Я и сам не могу восстановить работу лёгких, но всё же расслабленно опускаю запястье с нарукавником, терпеливо ожидая у двери появление обещанного освещения.
Преследования и опасность остались позади…
По телу медленно и тягуче растекается спокойствие, но к нему постепенно начинает примешиваться что-то ещё.
Слышатся мягкие женские шаги, уходящие немного вдаль, и, пока мой информатор-танцовщица возится со свечами или факелами, я по аромату в комнате неожиданно понимаю, что мы… у неё дома.

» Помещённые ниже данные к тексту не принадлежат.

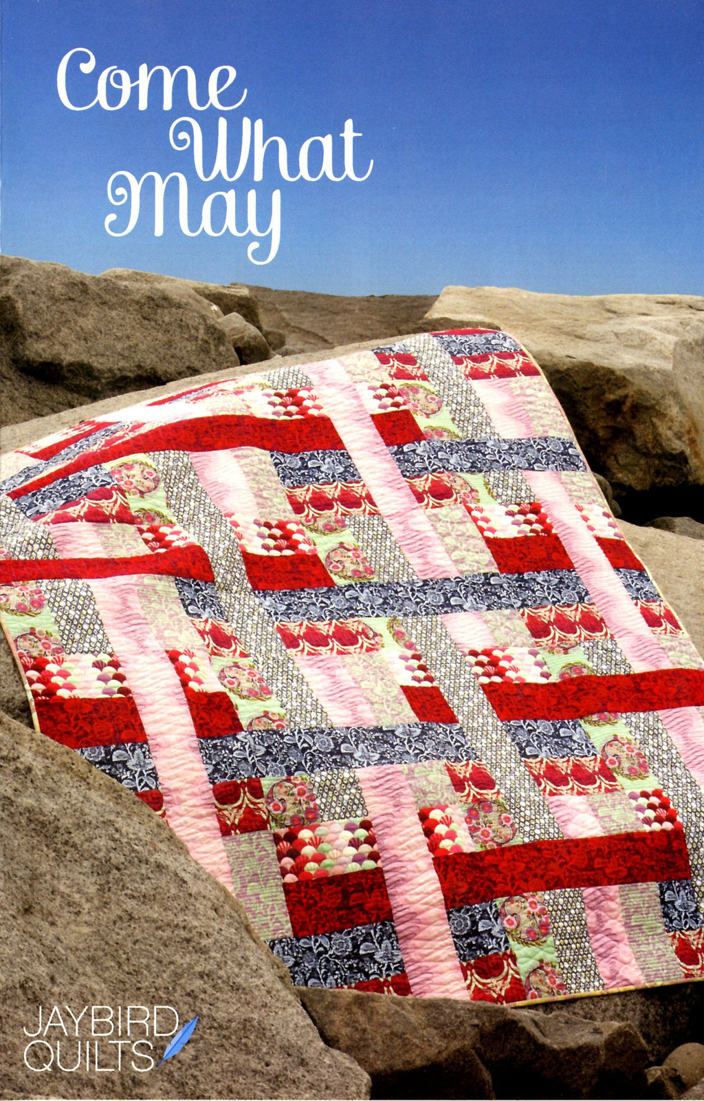 Come What May: Embrace the versatility of the "Come What May" quilt pattern, perfect for showcasing both small and large scale prints in a stunning design. This quilt, draped elegantly over rocks against a backdrop of a clear blue sky, features a vibrant mix of red, pink, and white fabrics with intricate patterns, creating a visually appealing contrast. Available in three sizes - Small (48in x 48in), Medium (64in x 80in), and Large (96in x 96in) - this pattern is ideal for any setting, from cozy personal spaces to larger, more communal areas. The detailed fabric selection includes a blend of stripes, florals, and geometric designs, ensuring a unique and beautiful appearance.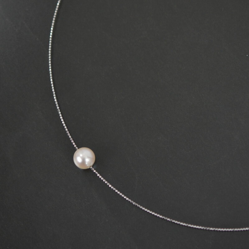 【中古】一粒パールワイヤーネックレスK10W...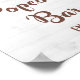My thoughts on this product was excellent. Well printed in a gloss finishing and just the size l ordered. It arrived in good condition and am overall satisfied with the product. The printing turned out great. I was quite surprised with the finishing touch to the poster. The semi gloss was just right and a perfect size to display at the wedding.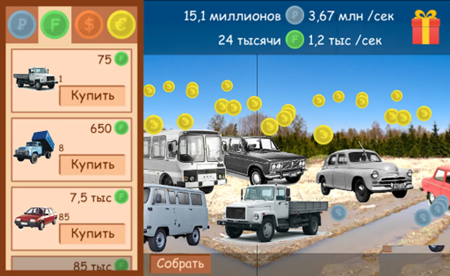 Your fleet can include a variety of transport: ordinary Lada, retro cars, Trucks for the transport of large goods, aircraft for emergency delivery and inspection of the space from a bird's-eye view.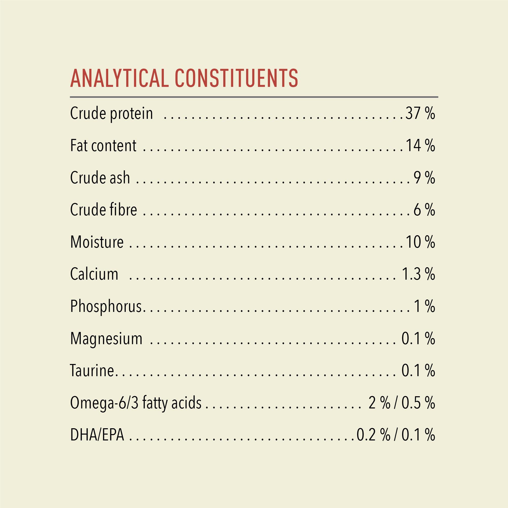 ADDITIVES (per kg): Technological additives: 1b306(i) Tocopherol extracts from vegetable oils: 121 mg, 1a330 citric acid: 40 mg. Sensory additives: Rosemary extract: 80 mg. Nutritional additives: 3a890 Choline chloride (choline): 1400 mg, 3a370 Taurine: 400 mg, 3b612 (Zinc: 120 mg), 3b407 (Copper: 11 mg),3a821 Vitamin B1: 25 mg, 3a825i Vitamin B2: 10 mg, 3a314 Niacin: 50 mg, 3a841 Calcium-D-pantothenate: 8 mg, 3a831 Vitamin B6: 7.5 mg, 3a316 Folic Acid: 0.75 mg, 3a880 Biotin: 0.25 mg, 3a835 Vitamin B12: 0.1 mg, 3a672a Vitamin A: 5625 IU, 3a671 Vitamin D3: 750 IU, 3a700 Vitamin E: 255 IU, 3c301DL-methionine: 99 mg, 3a910 L-carnitine: 75 mg. Zootechnical additives: 4b1707 Enterococcus faecium DSM 10663/NCIMB 10415: 1 x 109 CFU.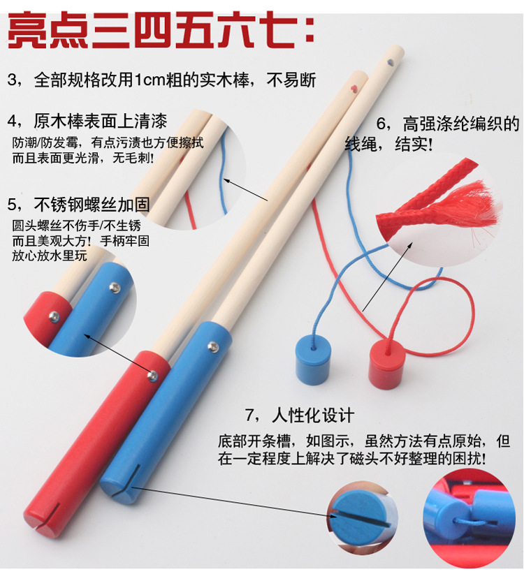 Детская Магнитная игрушка для удочки Деревянная Удочка Детская игра для рыбалки Квадратная игрушка для рыбалки Магнитная удочка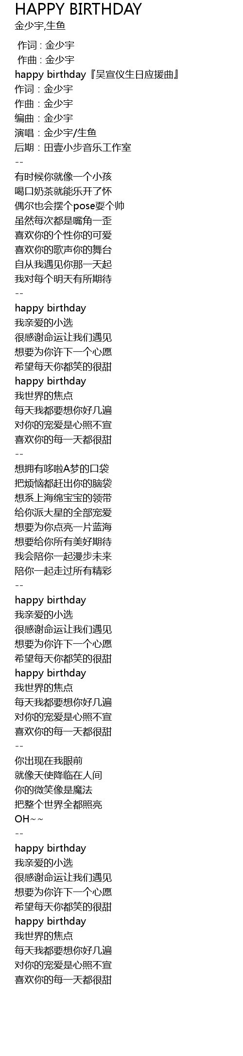 | [00:01.308] | happy birthday wú xuān yí shēng rì yìng yuán qū |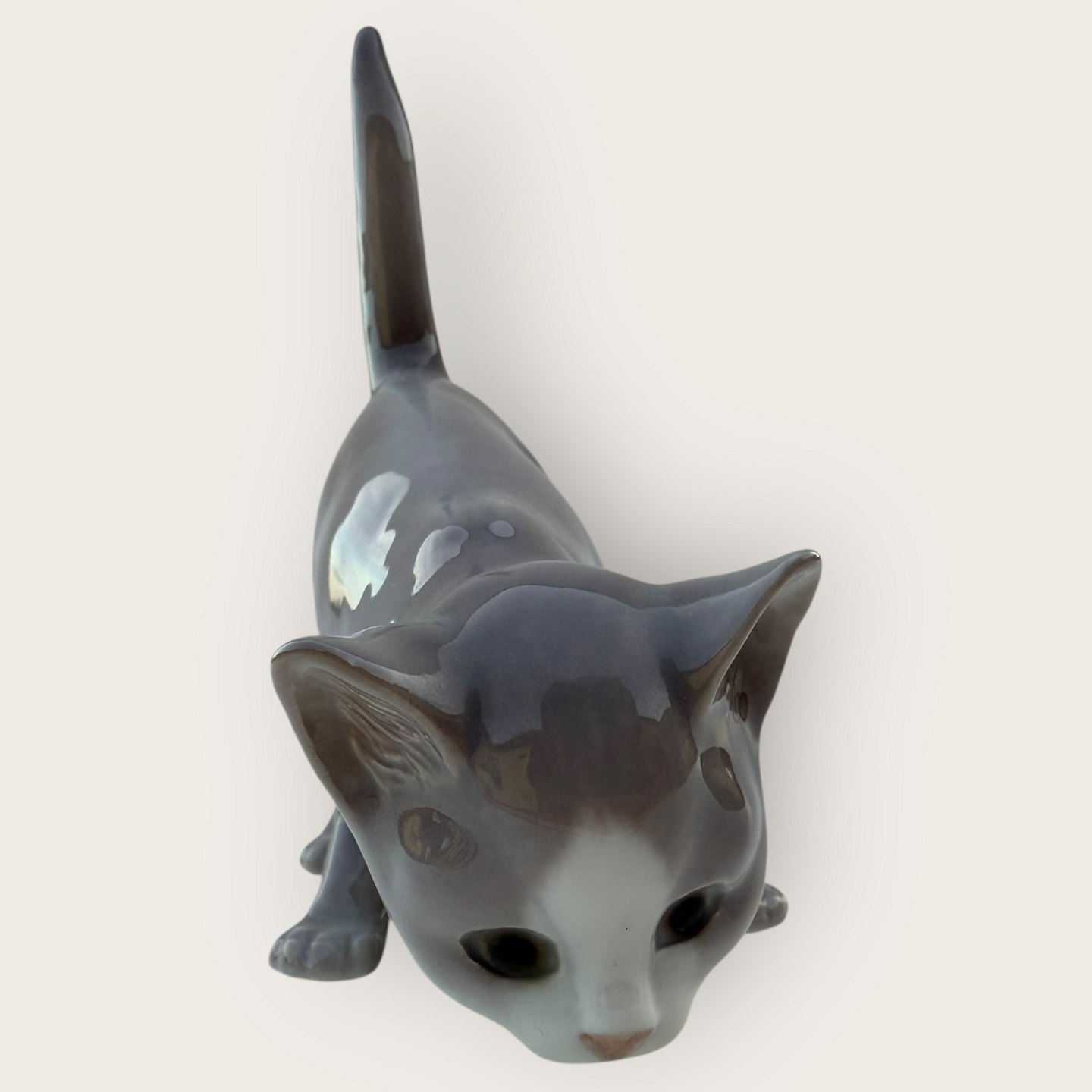 Bing & Grondahl, Gray cat with raised tail, # 2517, 1st grade, Dimensions approx. 12x13x6cm *Good condition*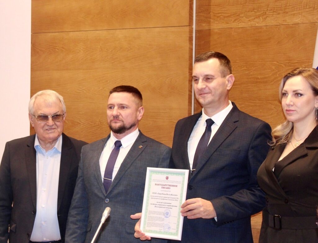 Исполнительному директору Евгению Сахарову и председателю профсоюзной организации ЕвроХим-ВолгаКалия Виктору Глущенко вручено благодарственное письмо, подписанное заместителем губернатора Волгоградской области, председателем Волгоградского областного Совета профсоюзов и сопредседателем Союза промышленников и предпринимателей Волгоградской области.

Здесь пахнет шафраном и ванилью. Так сладко, так приятно, так невыносимо восхитительно, что невозможно удержаться от глубоких вдохов.
Здесь пахнет ею…
Комнату через минуту наконец озаряет таинственное, тёплое пламя от нескольких свечей, и, проморгавшись, я внимательно осматриваюсь вокруг. Сурайя стоит ко мне спиной у искусного резного стола, на котором расположены медные подсвечники и кувшин с глиняной посудой; у правой стены низкая пёстрая тахта, вся усыпанная подушками с непохожими друг на друга орнаментами, а рядом дверь, ведущая, кажется, в другие покои или купальню. По левой стене идут шкафы и полки со свитками, фолиантами, а там, где стоит стол, виднеются закрытые ставни широкого окна.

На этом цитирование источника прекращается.